Department of Epidemiology, UT MD Anderson Cancer Center, Houston, TX 77030, USA.
J Immigr Minor Health. 2011 Dec;13(6):1099-109. doi: 10.1007/s10903-010-9415-8.
Missing data often occur in cross-sectional surveys and longitudinal and experimental studies. The purpose of this study was to compare the prediction of self-rated health (SRH), a robust predictor of morbidity and mortality among diverse populations, before and after imputation of the missing variable "yearly household income." We reviewed data from 4,162 participants of Mexican origin recruited from July 1, 2002, through December 31, 2005, and who were enrolled in a population-based cohort study. Missing yearly income data were imputed using three different single imputation methods and one multiple imputation under a Bayesian approach.

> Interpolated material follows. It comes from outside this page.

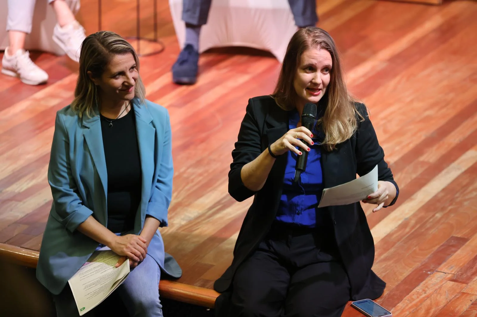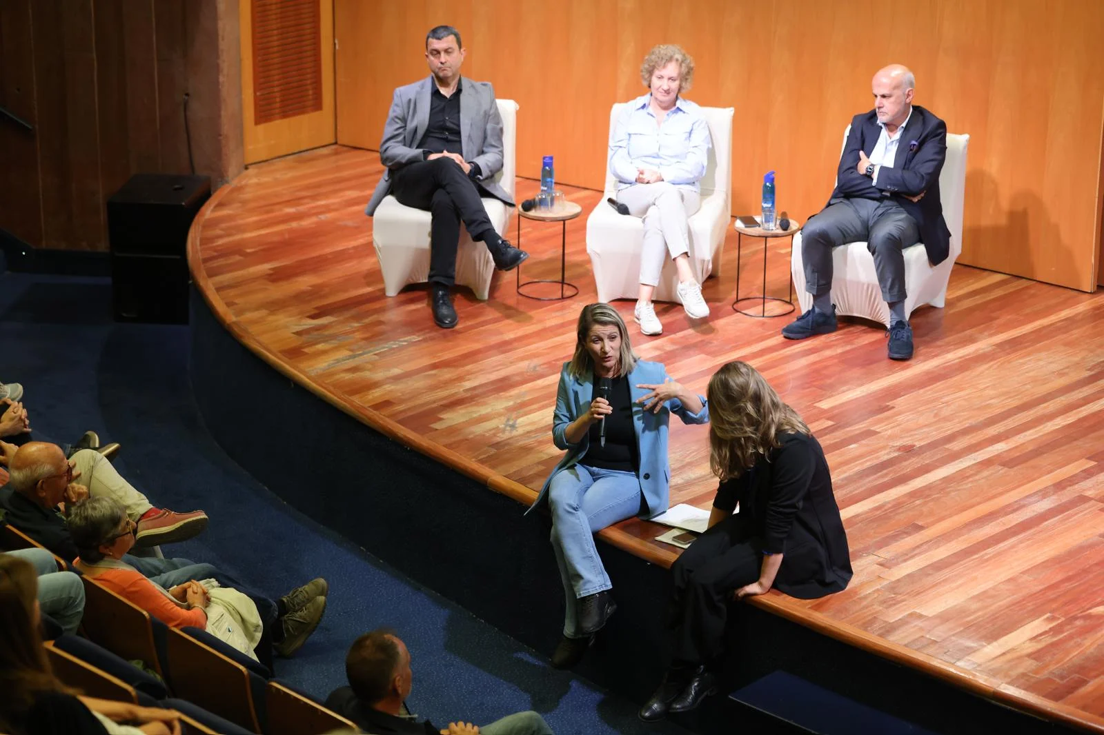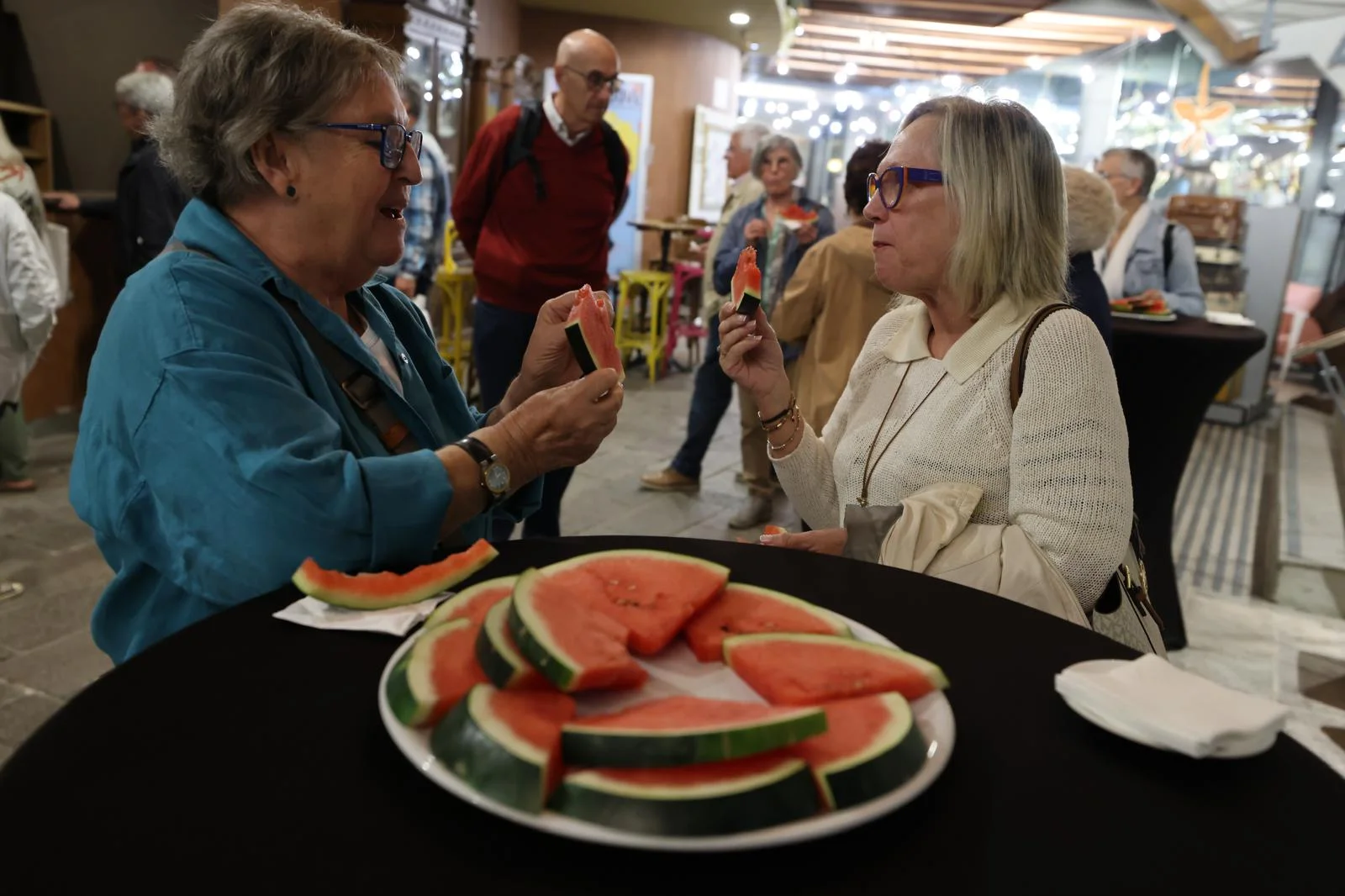 Després de la cloenda de la regidora de Cultura, Vanesa Jiménez, els assistents van poder entrar a la Sala Gran per veure un fragment de l’assaig de Flor de Nit i, a continuació, al vestíbul del Teatre, el restaurant social El Gato Verde va oferir un petit refrigeri i uns talls de síndria, convertida en símbol de suport a la causa Palestina.

Of 4,162 participants, 3,121 were randomly assigned to a training set (to derive the yearly income imputation methods and develop the health-outcome prediction models) and 1,041 to a testing set (to compare the areas under the curve (AUC) of the receiver-operating characteristic of the resulting health-outcome prediction models). The discriminatory powers of the SRH prediction models were good (range, 69-72%) and compared to the prediction model obtained after no imputation of missing yearly income, all other imputation methods improved the prediction of SRH (P < 0.05 for all comparisons) with the AUC for the model after multiple imputation being the highest (AUC = 0.731). Furthermore, given that yearly income was imputed using multiple imputation, the odds of SRH as good or better increased by 11% for each $5,000 increment in yearly income. This study showed that although imputation of missing data for a key predictor variable can improve a risk health-outcome prediction model, further work is needed to illuminate the risk factors associated with SRH.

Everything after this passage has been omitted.